This question is related to pbs job no output when busy . ie Some of the jobs I submit do not exit when PBS / Torque is busy. I believe that this is an activity when many jobs are submitted one after another, and, as it happens, from tasks presented in this way, I often get some that do not produce any results.
Here are some codes.
Suppose I have a python script called "x_analyse.py" that takes a file containing some data as its file and parses the data stored in the file:
./x_analyse.py data_1.pkl
Now, suppose I need: (1) Prepare N such data files: data_1.pkl, data_2.pkl, ..., data_N.pkl (2) Have "x_analyse.py" work on each of them and write the results to a file for each of them. (3) Since the analysis of different data files is independent of each other, I am going to use PBS / Torque to run them in parallel to save time. (I think this is essentially a "confusing parallel issue.")

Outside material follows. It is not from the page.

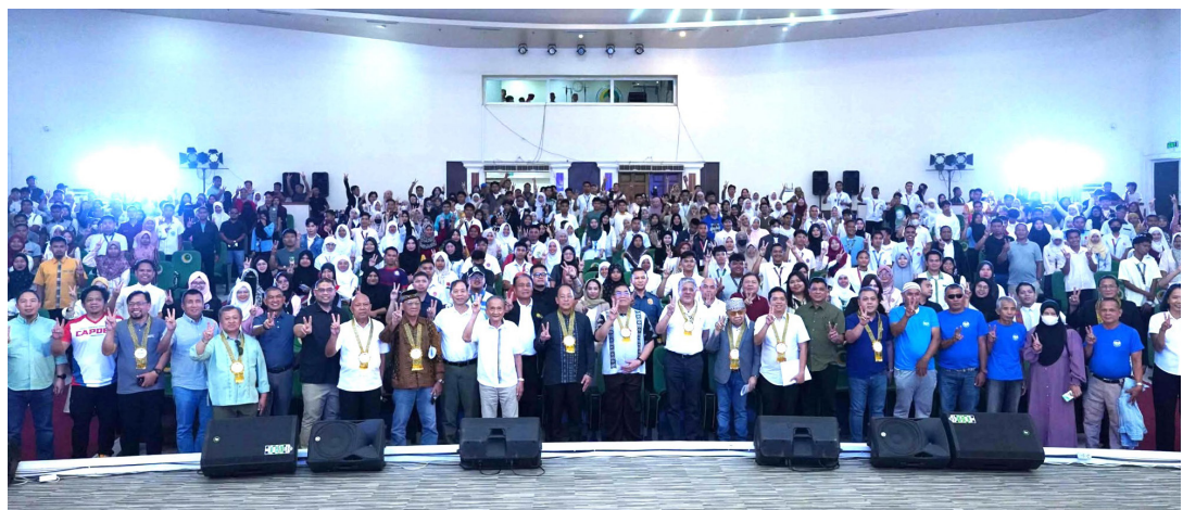
In a historic photo, all attendees stand together, marking the ceremonial awarding and release of educational assistance to decommissioned MILF combatants and their next-of-kin. The image reflects a profound moment of unity and hope, symbolizing a shared commitment to building peace and providing a new, brighter future through education.

"By providing access to quality education, we are not only empowering individuals but also building a foundation for sustainable peace and progress in the Bangsamoro." The educational assistance program is a testament to the strong partnership between the

I have this python script to do the following:
import os import sys import time N = 100 for k in range(1, N+1): datafilename = 'data_%d' % k file = open(datafilename + '.pkl', 'wb')

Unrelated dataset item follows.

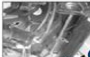
10.32 Remove the blower motor (shown) for clearance to remove the motor housing (shown)

the script prepares the data set for analysis, saves it to a file, writes the pbs send file for analysis of this data set, sends the task to execute it, and then again moves to the same next data set, etc.
As when running the script, a list of job IDs is printed to standard output when sending jobs. "ls" indicates that there are N.sub files and N.pkl data files. "qstat" indicates that all jobs are started with status "R" and then completed with status "C". However, after this, βlsβ indicates that the output files are less than N.out and less than N result files created by βx_analyse.pyβ. In fact, no output is produced by some jobs. If I cleared everything and restarted the above script, I would get the same behavior, with some tasks (but not the same as last time), without producing any output.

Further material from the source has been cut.